Athen ist demnach jetzt doch bereit, im Rentensystem zu kürzen. Frühverrentungen sollen zurückgeschnitten, Krankenversicherungsbeiträge für Rentner erhöht werden. Zudem soll eine Sondersteuer für Bürger mit einem Jahresbruttoeinkommen von mehr als 30 000 Euro eingeführt werden. Auch Unternehmen mit Jahresgewinnen ab einer halben Million Euro sollen höhere Steuern bezahlen. Die umstrittene Immobiliensteuer soll bleiben, Militärausgaben jedoch gleichzeitig um jährlich 200 Millionen Euro gekürzt werden. Insgesamt sollen so acht Milliarden Euro pro Jahr zusammen kommen.

Im Gegenzug will Athen durchsetzen, 27 Milliarden Euro an Verbindlichkeiten gegenüber der EZB auf den Euro-Rettungsschirm ESM umzuschichten. Damit will es fällige Zinsen senken, denn die ESM-Kredite sind günstiger. Die Eurogruppe will sich darauf aber bislang nicht einlassen.

Einigen sich die Finanzminister, sollen die Staats- und Regierungschefs auf ihrem Gipfel morgen und am Freitag die Vereinbarung beschließen. Athen müsste sie nach Auffassung des Bundesfinanzministeriums zunächst aber durch das eigene Parlament bringen, bevor der Bundestag entscheidet. Die Abstimmung in Berlin könnte am Montag oder Dienstag folgen.

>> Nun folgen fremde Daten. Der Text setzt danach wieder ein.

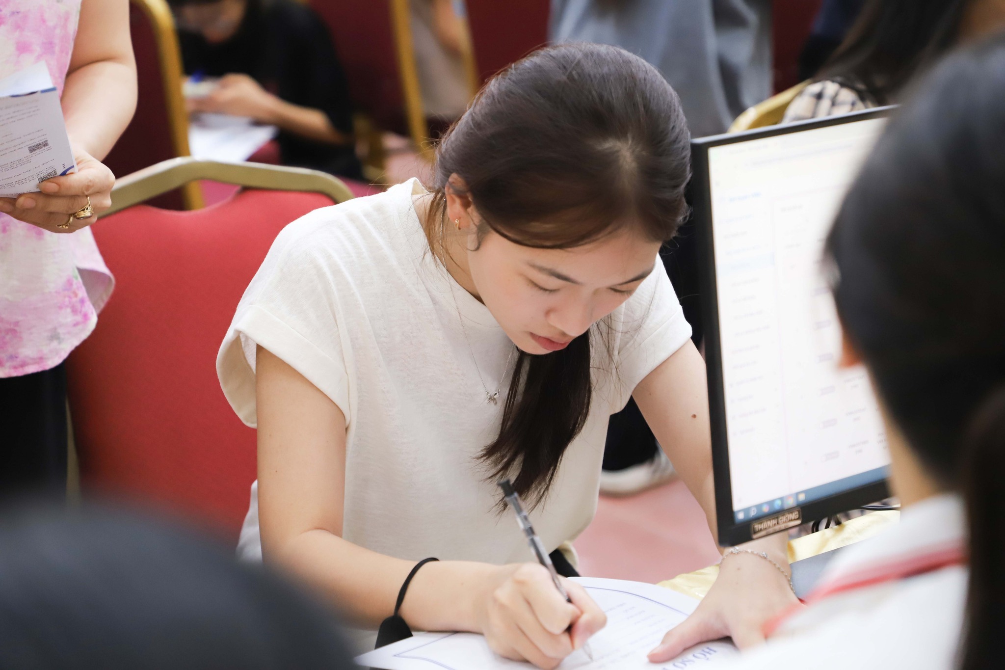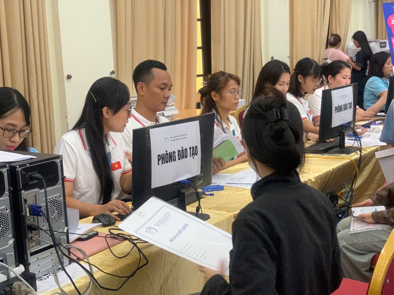 Để tạo điều kiện thuận lợi nhất, Học viện đã chuẩn bị kỹ lưỡng từ khâu đón tiếp, bố trí bàn tiếp nhận, đến việc huy động đội ngũ cán bộ, giảng viên và sinh viên tình nguyện. Các thủ tục nhập học được hướng dẫn rõ ràng, nhanh gọn: nộp hồ sơ, làm thẻ sinh viên, đo đồng phục, đăng ký ký túc xá, tham gia các Câu lạc bộ sinh viên. Góc check-in rực rỡ tại sảnh nhà A2 cũng thu hút đông đảo tân sinh viên và phụ huynh lưu giữ kỷ niệm trong ngày đầu tiên.

DIW-Präsident Marcel Fratzscher warnte vor der Illusion, die Griechenland-Krise sei mit dieser Einigung vorüber. "Wir werden uns damit abfinden müssen, dass die Hängepartie der vergangenen Monate sich noch lange Zeit fortsetzen wird", sagte der Chef des Deutschen Instituts für Wirtschaftsforschung (DIW). "Es ist eine Illusion, die Griechenland-Krise würde nun schnell gelöst werden können." Vor allem die Frage des von Griechenland verlangten Schuldenschnitts werde weiterhin ungelöst bleiben.